> **WHAT YOU SHOULD DO**: Once the pictures are set aside, reproduce the remaining data exactly.

> **DATA EXTRACT**:
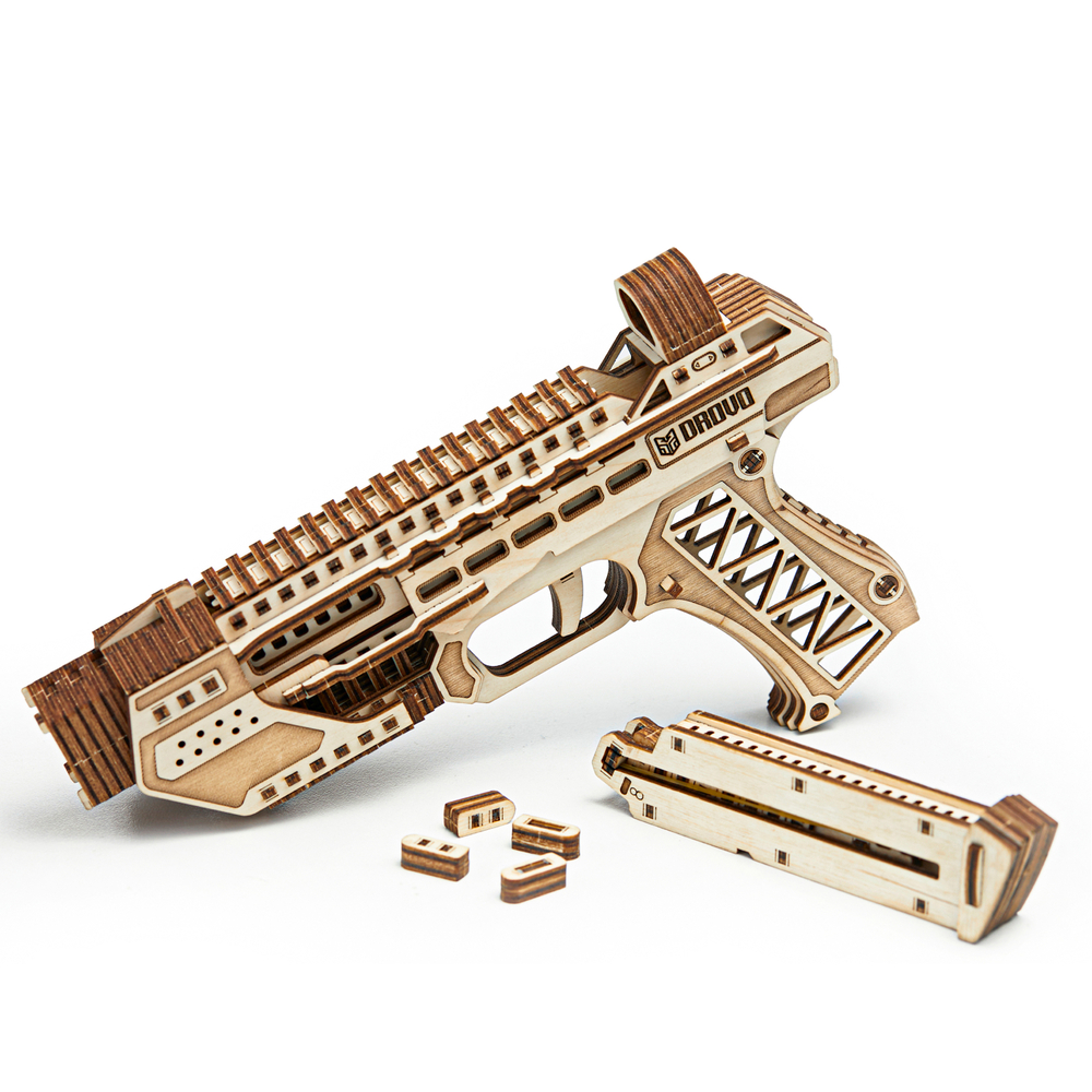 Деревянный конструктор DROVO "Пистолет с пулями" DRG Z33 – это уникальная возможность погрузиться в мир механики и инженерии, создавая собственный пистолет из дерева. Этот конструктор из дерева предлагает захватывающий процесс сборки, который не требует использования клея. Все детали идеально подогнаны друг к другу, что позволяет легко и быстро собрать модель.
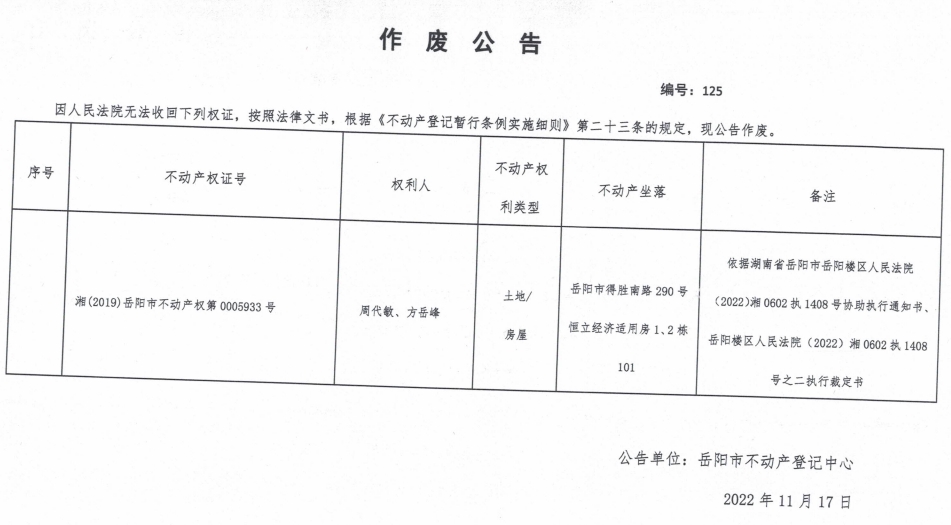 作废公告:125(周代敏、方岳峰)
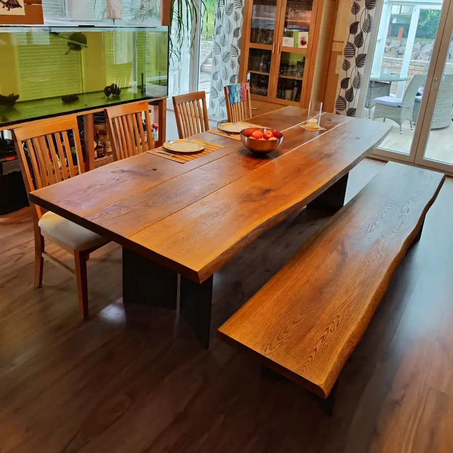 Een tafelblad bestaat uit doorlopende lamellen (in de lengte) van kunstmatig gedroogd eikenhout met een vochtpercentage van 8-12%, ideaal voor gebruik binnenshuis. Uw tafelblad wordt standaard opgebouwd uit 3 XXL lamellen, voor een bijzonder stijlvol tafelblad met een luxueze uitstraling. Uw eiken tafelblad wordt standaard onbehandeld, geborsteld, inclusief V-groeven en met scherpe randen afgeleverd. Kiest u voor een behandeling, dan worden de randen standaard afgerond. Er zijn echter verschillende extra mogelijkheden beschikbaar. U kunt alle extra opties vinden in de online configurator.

> **REPLY**:
 Деревянный конструктор DROVO "Пистолет с пулями" DRG Z33 – это уникальная возможность погрузиться в мир механики и инженерии, создавая собственный пистолет из дерева. Этот конструктор из дерева предлагает захватывающий процесс сборки, который не требует использования клея. Все детали идеально подогнаны друг к другу, что позволяет легко и быстро собрать модель.
 作废公告:125(周代敏、方岳峰)
 Een tafelblad bestaat uit doorlopende lamellen (in de lengte) van kunstmatig gedroogd eikenhout met een vochtpercentage van 8-12%, ideaal voor gebruik binnenshuis. Uw tafelblad wordt standaard opgebouwd uit 3 XXL lamellen, voor een bijzonder stijlvol tafelblad met een luxueze uitstraling. Uw eiken tafelblad wordt standaard onbehandeld, geborsteld, inclusief V-groeven en met scherpe randen afgeleverd. Kiest u voor een behandeling, dan worden de randen standaard afgerond. Er zijn echter verschillende extra mogelijkheden beschikbaar. U kunt alle extra opties vinden in de online configurator.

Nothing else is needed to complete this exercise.